Being able to clearly detect the molecule in the atmosphere of distant exoplanets is therefore an essential step in the search for life-friendly worlds.
This is exactly what an international team of researchers, with participation from the University of Bern, the University of Geneva and the National Centre of Competence in Research (NCCR) PlanetS, has achieved thanks to observations with the James Webb Space Telescope.
The first results will be published in the scientific journal Nature next week.
Starlight filtered through a bloated planet’s atmosphere
The planet WASP-39b is a hot gas-giant orbiting a Sun-like star at a distance of 700 light-years from Earth.
Unlike the gas giants in our solar system, WASP-39b orbits very close to its star – only about one-eighth the distance between the Sun and Mercury – completing one revolution in just over four Earth-days.
Due to the intense insolation it receives, the planet heats up to around 900°C.
“The heat causes the planet’s atmosphere to expand, making WASP-39b a third larger than Jupiter, the largest gas giant in our solar system”, study co-author, astronomy professor at the University of Geneva and NCCR PlanetS member Monika Lendl explains.
When a planet passes directly in front of its host star, some of the star’s light passes through the planetary atmosphere before it reaches the telescope.
“The atmosphere filters out some colors of this light more efficiently than others, depending on factors such as its composition, its thickness, and its cloud content”, Lendl says.
With the James Webb Telescope, researchers can break down light into its colours to identify characteristic “fingerprints” of different gases and determine the composition of the atmosphere.
First clear detection of carbon dioxide on an exoplanet
Using the Webb Telescope’s Near-Infrared Spectrograph (NIRSpec) instrument, the team of researchers were able to detect the fingerprint of carbon dioxide in the light that passed through the atmosphere of WASP-39b.
“From the first glance at the data, it was already clear that we were dealing with a spectacular discovery,” says Dominique Petit dit de la Roche, researcher at the University of Geneva, co-author of the study and NCCR PlanetS member.
“For the first time, carbon dioxide has been clearly detected on a planet outside the solar system”.
“Detecting such a clear signal of carbon dioxide on WASP-39b bodes well for the detection of atmospheres on smaller, terrestrial-sized planets as well as for measuring abundances of other gases like water and methane,” said Natalie Batalha of the University of California at Santa Cruz, the leader of the international research team that carried out the observations.

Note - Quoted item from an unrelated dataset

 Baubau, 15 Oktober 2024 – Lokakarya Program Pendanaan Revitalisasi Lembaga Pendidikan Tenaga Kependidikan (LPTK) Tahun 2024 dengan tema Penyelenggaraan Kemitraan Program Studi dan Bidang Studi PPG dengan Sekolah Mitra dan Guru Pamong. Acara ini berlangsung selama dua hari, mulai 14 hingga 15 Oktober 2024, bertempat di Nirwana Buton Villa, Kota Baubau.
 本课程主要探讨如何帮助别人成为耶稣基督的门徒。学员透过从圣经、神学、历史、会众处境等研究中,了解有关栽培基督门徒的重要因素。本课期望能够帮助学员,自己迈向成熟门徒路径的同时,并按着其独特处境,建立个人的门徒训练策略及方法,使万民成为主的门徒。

Understanding the composition of a planet’s atmosphere also allows insights into the origin of the planet and its evolution. “Carbon dioxide molecules are sensitive tracers of the story of planet formation,” says Elspeth Lee, co-author of the study, Ambizione fellow at the University of Bern and member of the NCCR PlanetS.

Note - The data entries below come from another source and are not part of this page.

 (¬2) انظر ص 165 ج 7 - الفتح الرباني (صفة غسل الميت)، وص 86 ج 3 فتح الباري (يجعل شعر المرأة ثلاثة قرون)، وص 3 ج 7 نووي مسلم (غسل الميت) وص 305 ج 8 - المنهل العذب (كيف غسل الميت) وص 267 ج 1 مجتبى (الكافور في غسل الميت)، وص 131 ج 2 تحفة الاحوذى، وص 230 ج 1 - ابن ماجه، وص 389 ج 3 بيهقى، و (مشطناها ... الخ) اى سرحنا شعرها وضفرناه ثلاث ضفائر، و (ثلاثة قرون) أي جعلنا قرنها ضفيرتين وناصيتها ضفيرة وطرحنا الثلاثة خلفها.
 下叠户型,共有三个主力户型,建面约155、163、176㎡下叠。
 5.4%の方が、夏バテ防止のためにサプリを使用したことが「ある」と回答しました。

“The clear detection of carbon dioxide in WASP-39b gives us information about the inventory of carbon and oxygen molecules in the atmosphere.

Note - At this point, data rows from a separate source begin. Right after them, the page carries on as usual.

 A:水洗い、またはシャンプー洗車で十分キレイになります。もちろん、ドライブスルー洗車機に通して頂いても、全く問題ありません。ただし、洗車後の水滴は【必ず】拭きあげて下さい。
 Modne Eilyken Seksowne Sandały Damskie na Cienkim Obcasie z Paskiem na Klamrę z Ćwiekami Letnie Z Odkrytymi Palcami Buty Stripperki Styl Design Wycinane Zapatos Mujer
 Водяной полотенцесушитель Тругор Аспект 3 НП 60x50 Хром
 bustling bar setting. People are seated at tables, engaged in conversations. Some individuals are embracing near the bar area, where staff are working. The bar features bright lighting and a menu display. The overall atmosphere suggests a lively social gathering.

This gives us an idea of the diverse chemical processes that take place in atmospheres under such extreme conditions, as well as the possible rock and gas material that the planet may have picked up during its formation phases,” says Lee.
Early Release Science
The NIRSpec observations of WASP-39b are only one part of a larger investigation with the James Webb Telescope, which includes further observations of WASP-39b as well as observations of two other planets.
The observations are part of the so-called Early Release Science programme, which was developed to make scientific data from the James Webb Telescope available to the international research community as quickly as possible, thereby ensuring the best possible scientific use of the space telescope.